Denis Koroskin wrote:
On Mon, 14 Dec 2009 22:15:06 +0300, Andrei Alexandrescu
<[email protected]> wrote:
Eldar Insafutdinov wrote:
dsimcha Wrote:
I mentioned this deep in another thread, but I think it deserves its
own
thread. Can we get something like:
void doStuff(T)(const ref T val) {
// do stuff.
}
T getVal() {
return someValue;
}
void main() {
doStuff(getVal()); // Doesn't currently work.
}
For non-const ref parameters, it's understandable that passing
rvalues in
doesn't work because this is likely a bug that the compiler should
catch.
However, for const ref parameters, can't the compiler just
implicitly put the
value on the caller's stack frame and convert it to an lvalue rather
than
forcing the programmer to write the boilerplate to do this
manually?
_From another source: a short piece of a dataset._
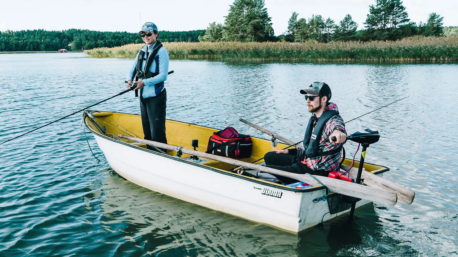 Yifeng Li ja Juuso Huhtala kalastushommissa. Kuva: Jani Honkakoski / NTRNZ media Oy / Yle Kuvapalvelu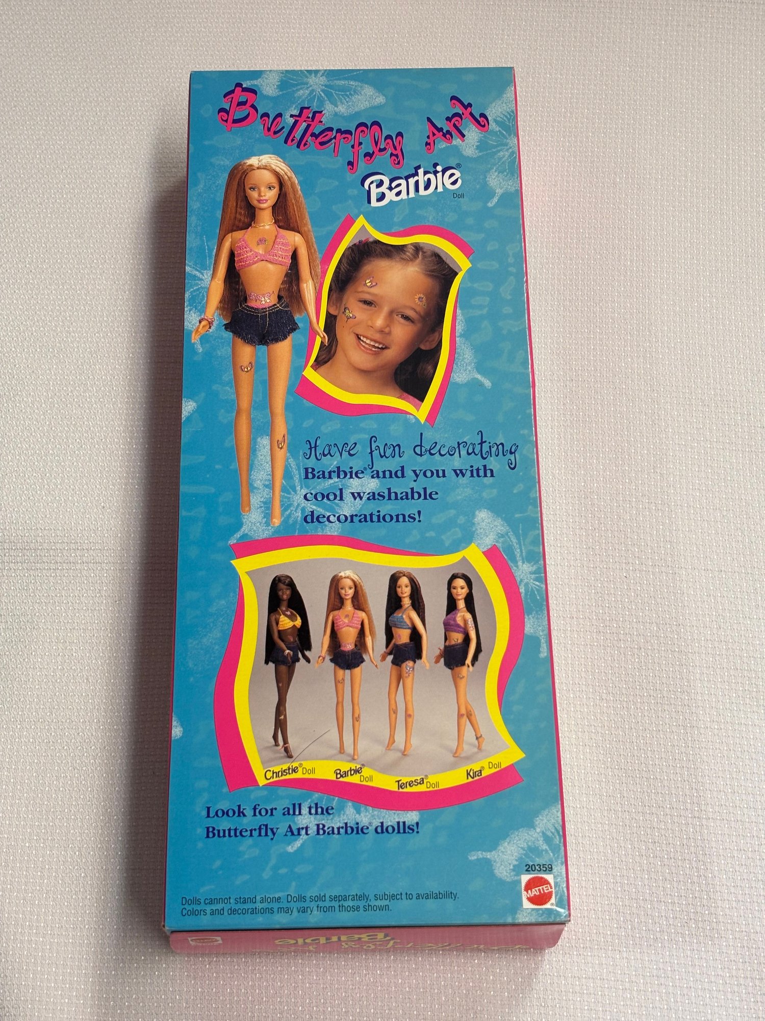 Calling all Barbie collectors and vintage doll enthusiasts! This pristine 1998 Butterfly Art Barbie represents a stunning moment in Mattel's artistic collectible series, perfectly preserved and waiting to become the crown jewel of your collection. This exquisite Barbie captures the delicate elegance of butterfly-inspired design, showcasing Mattel's commitment to creating wearable art through their iconic doll line. The pristine, unopened packaging ensures this piece maintains its maximum collectible value, making it a must-have for serious Barbie enthusiasts and vintage toy collectors. Rare collectibles like this 1998 Butterfly Art Barbie represent more than just a doll - they're a snapshot of late 90s design aesthetic and Barbie's evolving artistic expression. Whether you're a dedicated collector or looking to add a unique piece to your display, this Barbie promises to be a conversation starter.

This
would result in:
doStuff(getVal()); -->
auto __temp = getVal();
doStuff(__temp);
My vote for it.
Binding rvalues to const references was probably the single most
hurtful design decisions for C++. I don't have time to explain now,
but in short I think all of the problems that were addressed by rvalue
references, and most of the aggravation within the design of rvalue
references, are owed by that one particular conversion.
If we ever allow automatic conversion of an rvalue to a ref, we should
know very well what we're doing.
Andrei
What about allowing binding rvalue to final ref const(T) (final would
mean tail-const and wouldn't allow taking address of that variable)?
Wouldn't that allow the feature while side-stepping all the issues?
It might (though I personally think not), but it would complicate the
language. My opinion: if a function wants a ref, give it a ref.